------ Data extract

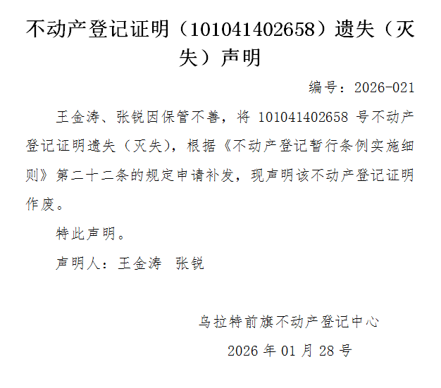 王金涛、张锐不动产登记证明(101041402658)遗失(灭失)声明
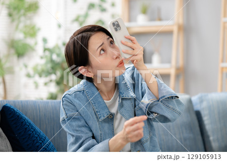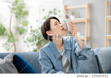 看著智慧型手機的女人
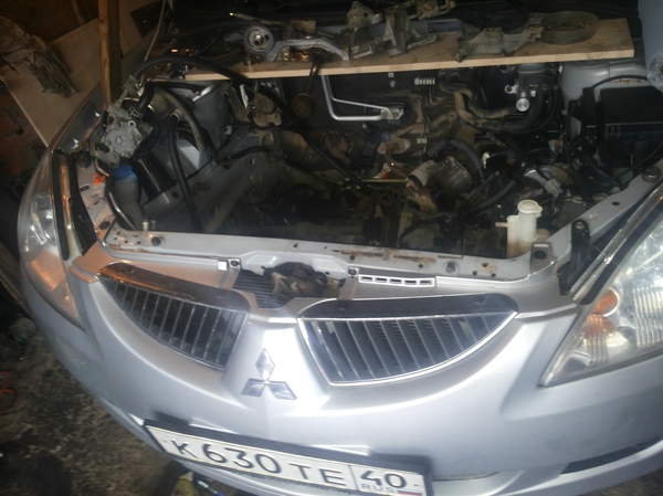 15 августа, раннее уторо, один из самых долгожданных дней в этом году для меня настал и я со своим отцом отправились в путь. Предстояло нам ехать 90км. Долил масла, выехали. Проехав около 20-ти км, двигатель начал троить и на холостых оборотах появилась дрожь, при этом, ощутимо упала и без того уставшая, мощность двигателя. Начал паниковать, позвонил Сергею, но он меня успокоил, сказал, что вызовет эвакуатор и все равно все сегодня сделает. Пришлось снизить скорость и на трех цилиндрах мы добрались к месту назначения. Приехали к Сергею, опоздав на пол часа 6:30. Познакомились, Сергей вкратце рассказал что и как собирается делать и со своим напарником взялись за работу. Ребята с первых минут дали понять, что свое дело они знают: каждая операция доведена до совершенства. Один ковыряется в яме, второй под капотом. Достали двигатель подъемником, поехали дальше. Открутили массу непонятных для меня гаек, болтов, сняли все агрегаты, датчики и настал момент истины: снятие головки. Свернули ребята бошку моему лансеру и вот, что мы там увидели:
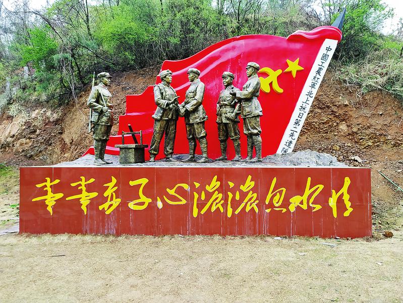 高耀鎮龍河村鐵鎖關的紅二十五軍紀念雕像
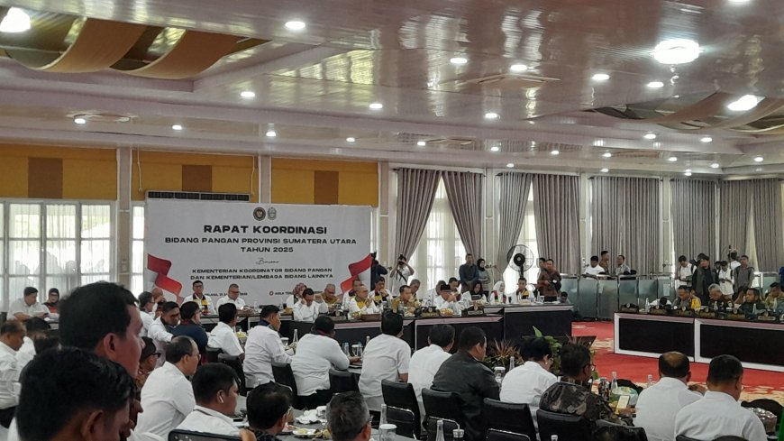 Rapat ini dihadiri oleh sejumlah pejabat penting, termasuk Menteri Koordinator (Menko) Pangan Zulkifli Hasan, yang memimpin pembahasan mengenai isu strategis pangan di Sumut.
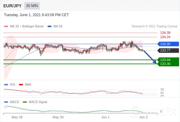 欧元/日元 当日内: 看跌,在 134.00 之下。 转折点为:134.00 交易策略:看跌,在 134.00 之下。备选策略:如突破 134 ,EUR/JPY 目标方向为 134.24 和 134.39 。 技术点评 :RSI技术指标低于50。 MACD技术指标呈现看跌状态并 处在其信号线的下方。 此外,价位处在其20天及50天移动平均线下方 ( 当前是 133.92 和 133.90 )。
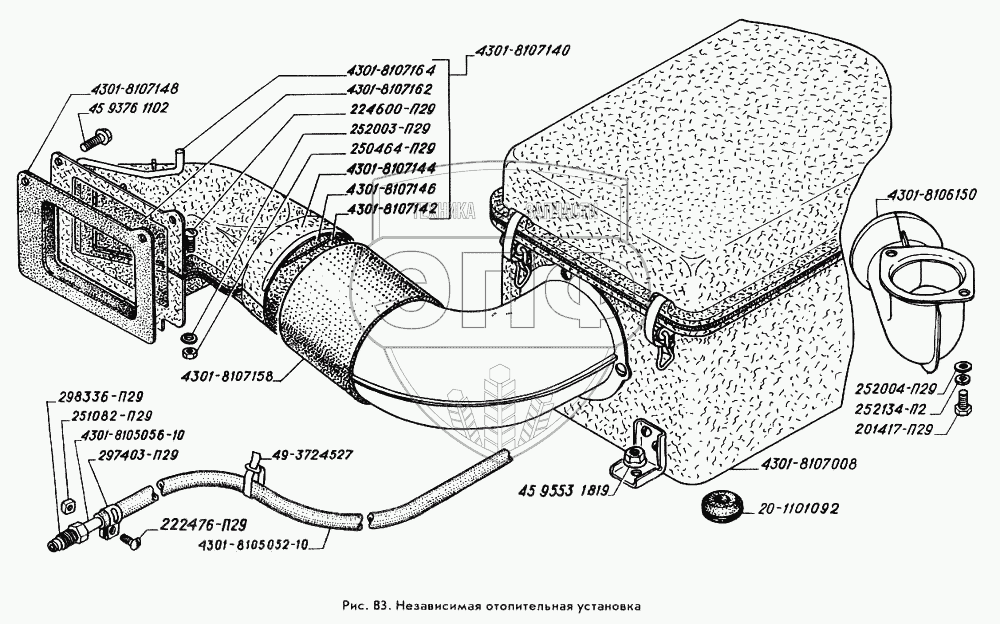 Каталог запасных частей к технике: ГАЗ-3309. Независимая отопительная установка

------------

*Brief*. In the listing above, find the line with "15 августа, раннее" and the line with "高耀鎮龍河村鐵鎖關的紅二十五軍紀念雕像". Set down both and every line between them, minus the pictures.

*Task solution*.
 15 августа, раннее уторо, один из самых долгожданных дней в этом году для меня настал и я со своим отцом отправились в путь. Предстояло нам ехать 90км. Долил масла, выехали. Проехав около 20-ти км, двигатель начал троить и на холостых оборотах появилась дрожь, при этом, ощутимо упала и без того уставшая, мощность двигателя. Начал паниковать, позвонил Сергею, но он меня успокоил, сказал, что вызовет эвакуатор и все равно все сегодня сделает. Пришлось снизить скорость и на трех цилиндрах мы добрались к месту назначения. Приехали к Сергею, опоздав на пол часа 6:30. Познакомились, Сергей вкратце рассказал что и как собирается делать и со своим напарником взялись за работу. Ребята с первых минут дали понять, что свое дело они знают: каждая операция доведена до совершенства. Один ковыряется в яме, второй под капотом. Достали двигатель подъемником, поехали дальше. Открутили массу непонятных для меня гаек, болтов, сняли все агрегаты, датчики и настал момент истины: снятие головки. Свернули ребята бошку моему лансеру и вот, что мы там увидели:
 高耀鎮龍河村鐵鎖關的紅二十五軍紀念雕像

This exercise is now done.